Guest Post: Thinspiration
Today’s guest post comes from Dani, self-described as “Social justice extraordinaire. Americana mama. On any given day, you can find me on my couch, with my dog, or with my face in a book. I sing songs in the shower every day.”
Since I can remember, I have been at war with my body.
From the time my body became, I guess, WHAT it would be, I had a round belly and an ass that at times felt like I was carting around a cosmic pot o’ gold, and at other times, felt like I was transporting something the likes of a commercial dumpster. It just depended on who was looking at it and what I had to eat that day.
As I approached my late twenties, and started dating the guy who is now my husband, I realized that I was uncomfortably rounded. My belly protruded quite nicely out in front of my body (I got asked if I was pregnant more than a few times), and my ass had grown in proportions I didn’t know were possible. So I started modifying some of my lifestyle choices, i.e. not drinking super sugary liquor drinks, beer, or sweetened, soy-milked coffee. I tried to limit the amount of trips I made to China Panda to get mock chicken nuggets and faux crab Rangoon, and I learned how to cook. I got my weight down from probably 165 to 155, and it has been there ever since.

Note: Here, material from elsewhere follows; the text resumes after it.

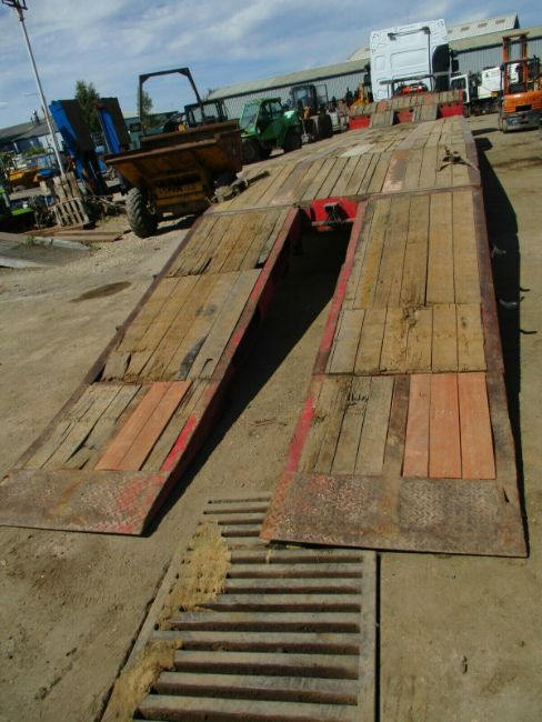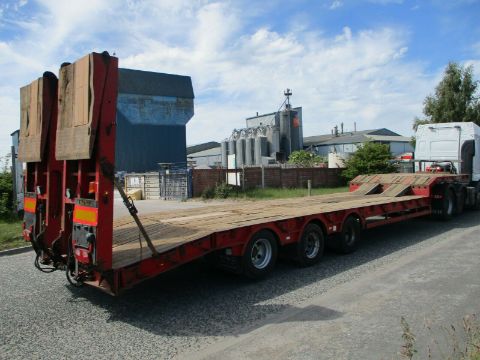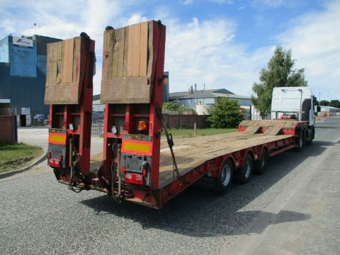 King GTS44 Low Loader Trailer 2008, air suspension. Raise / lower. Rear lift axle. MOT TILL June 2020. New winchVery good 17.5" tyres 1 New Outriggers. 13.6 metres long 38000kg gross weight neck ramps in use and 6 weeklys, Electro hydraulic fliptoe rear ramps with side-shift

Even when I would go through the periods in my life when I was heavier than I thought I should be (where does this subjective comparison even come from, except that my pants were too tight?), I did not actually make too much of an effort to change it, though the negative body self-talk was a constant bullshit narrative like a reel in my head.

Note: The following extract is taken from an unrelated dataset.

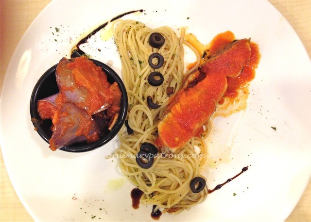 The restaurant is very simply decorated. Most of the seating is in the open air area. There is an air-conditioned area which houses the kitchen and a cramped dining area which had a few small tables. Unless it is really hot, it is more comfortable to sit outside than the inside as the conveyance of food and other supplies will take place around you as you eat. At lunch time, Eggs & Berries is quite a popular place and there was a short queue forming soon after we arrived. At a price of $7.50 per person you can design your own lunch by combining the choice of the main item together with pasta or rice and the vegetables to go with your meal on the side. We selected two different combinations – the braised beef bourgougnon, spaghetti with sauted broccoli and the pan seared seabass, spaghetti with braised aubergine.

Here’s the thing: I DON’T care about going to the gym every day. I DON’T like to talk about exercise, don’t want to get committed to some new-age fitness regimen, or start running fucking marathons. In fact, this conversation bores the hell out of me. I am 31-years old, and here’s what I have liked when it comes to physical exertion: roller-fucking-derby, kick-fucking-ball, walking my fucking dog, motherfucking bike riding, or anything else that is on my terms. When I played roller derby, I felt like steel. When I played kick ball, I imagined I was in an action movie. When I walk my dog, my joy is in the quality time spent with her and the delicious outside air. And when I ride my bike, I feel free. So, none of these things answer that nagging voice inside my head that says I need a smaller waistline. I have never been skinny, skinnier, or skinniest, and I don’t doubt that I will go to my grave with this type of body that has always been this type of body.
I have been at war with my body. My body and its unique build have bulldozed me through the hell and back that was my life as a child and adolescent. It has supported me through countless hangovers, break-ups, and triumphs. It blasted me through 12 years of waitressing and bar shifts like a boss. While in a band, this body hauled heavy equipment back and forth from show to show, from bar stage to bar stage, doing my share despite what gender constructs told me I was required to do. I have defended myself during physical altercations, bucked up because I believed my strong body WAS a force to be reckoned with, and this body has been kissed, hugged, loved, and has kissed, hugged, and loved it’s share of special people. Why in the ever-loving shit have I put my body on trial? What has it ever done to me, other than be soft on the outside? I weighed myself today, after two months of NOT dieting while simultaneously beating myself up for it. Guess what? I weigh the same damn amount that I weighed when I was measuring out the amount of Cinnamon Harvest biscuits I was allowed for breakfast, counting calories and cursing my way through every meal as if I had ALREADY done something terribly wrong before I ate the food.
Here are life’s battles and victories that I DO deem important: advocacy and empowerment for disadvantaged people, good work, getting educated, noteworthy experiences and conversations, music-playing and music-listening, gardening, therapy, cooking, and friendship. All of this is to say, I hereby surrender this war. I’d venture that there are much more important wars to fight. My food choices are generally healthy, whole, and ethically-bound. I’m just gonna go ahead and keep doing that. I hereby raise my white flag in surrender and evict this nasty, inner dialogue that has been in my brain and my heart for too long, because truthfully, it’s high time it finds a new home.
I LOVE what Dani has to say about her beautiful body. And I’m truly happy for her that she’s letting the ‘war on body image’ go. She has a strong, feminine, healthy body and certainly one to be thankful for.
Hating our bodies is so unfair and it never works. This body gets me out of bed every day, eats and digests food, eliminates toxins and waste, fights infections, brings pleasure both physical and emotional to me, laughs, sees, makes love, has babies, lifts kids into shopping carts and onto ponies, swims in the ocean (pees in the ocean)….need I go on? I don’t like parts of my body either – no way. My thighs are thunderous and I’m sooo short. But still, I’m grateful to it for taking me where I want to go and doing what I need it to do most days, even if it doesn’t lose weight in the “right” places. It fights me there, but I won’t hate the thing that gives me pleasure and the ability to enjoy my life and to help others. Let’s get over this self absorption and count some body blessings.